One additional individual did not participate because she experienced consistent colour and texture but no experiences of shape and location. Thus, seven individuals
with consistent colour and non-colour synaesthetic experiences (two CCI-779 ic50 males; mean age (±SD): 32.7 ± 11.6 years; range: 21–50 years) participated in the subsequent assessments and experiments. They reported vivid visual experiences in response to auditory stimuli (voices, music, and ambient sounds).
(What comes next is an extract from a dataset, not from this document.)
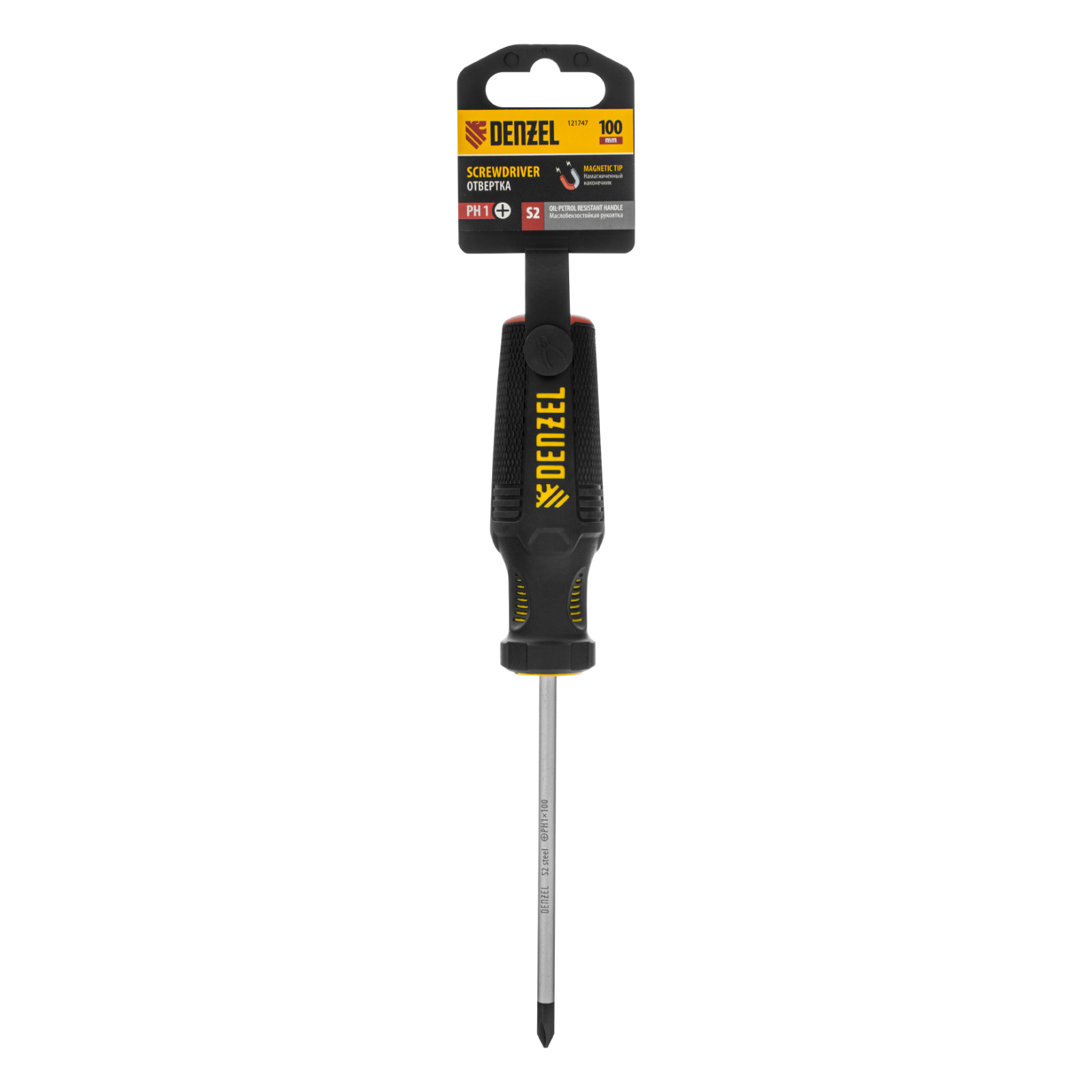 Отвертка Denzel 121747 с трехкомпонентной рукояткой, со стержнем из стали S2, длиной 100 мм, предназначена для закручивания и откручивания резьбового крепежа типа PH1. Высокоточный намагниченный шлиц избавляет мастера от необходимости придерживать винт или саморез рукой. Отвертка рекомендована для профессионального использования.

These visual experiences predominately resembled simple geometric objects (e.g., cube, sphere, or wavy line), and changes in auditory characteristics (pitch, timbre, and melody) altered the described hue, brightness, shape, and spatial location. All reported also seeing colours induced by graphemes. Five of them had musical training (one is a professional musician), but none reported having perfect pitch.1 All seven synaesthetes were right-handed. We also tested seven sex-, age-, and handedness-matched non-synaesthetic controls (mean age (±SD): 32.5 ± 12.2 years; range: 21–50 years) for comparison in the main experiments. As controls do not have any kind of synaesthesia (criteria for inclusion in the control group), they did not participate in the
subjective session. Four of the controls had music training selleck chemicals (none had perfect pitch). The auditory stimuli comprised 30 different instrument sounds, each of 2 sec duration. All sound clips were 16-bit stereo files at the sampling frequency of 44.1 kHz and 65 dB. The 30 sounds consisted of 10 flute notes, 10 piano notes, and 10 violin notes.
The instrument notes were computer-synthesised, matched for frequency of the fundamental, and consisted of notes from C1 (33 Hz) up to Eb6 (1245 Hz), separated by intervals of musical fifths (i.e., 700 cents). Thus, the following notes were used: C1, G1, D2, A2, E3, B3, F#4, Db5, Ab5, and Eb6. We mapped out the characteristics DNA ligase of responses to instrument sounds to see whether they varied systematically with timbre and pitch and whether there was any coherent pattern across synaesthetes. We also used the images generated in this session to construct stimuli to assess the specificity of the synaesthetic experiences and for our experimental manipulations. We presented 60 sounds (30 different notes × two repetitions) in a randomised order. After listening to each sound, the synaesthetes were asked to select their synaesthetic colour using the graphics software Gimp (http://www.gimp.org). If their synaesthetic percepts involved more than one colour or visual features other than colour, we asked them to draw their synaesthetic image using Gimp or pastels. We also asked them to provide as much additional description as possible. After drawing their synaesthetic experience for each sound, they were asked to rate how well their image matched their synaesthesia on a five-point scale, with ‘one’ being ‘poor match’ and ‘five’ being ‘perfect match’.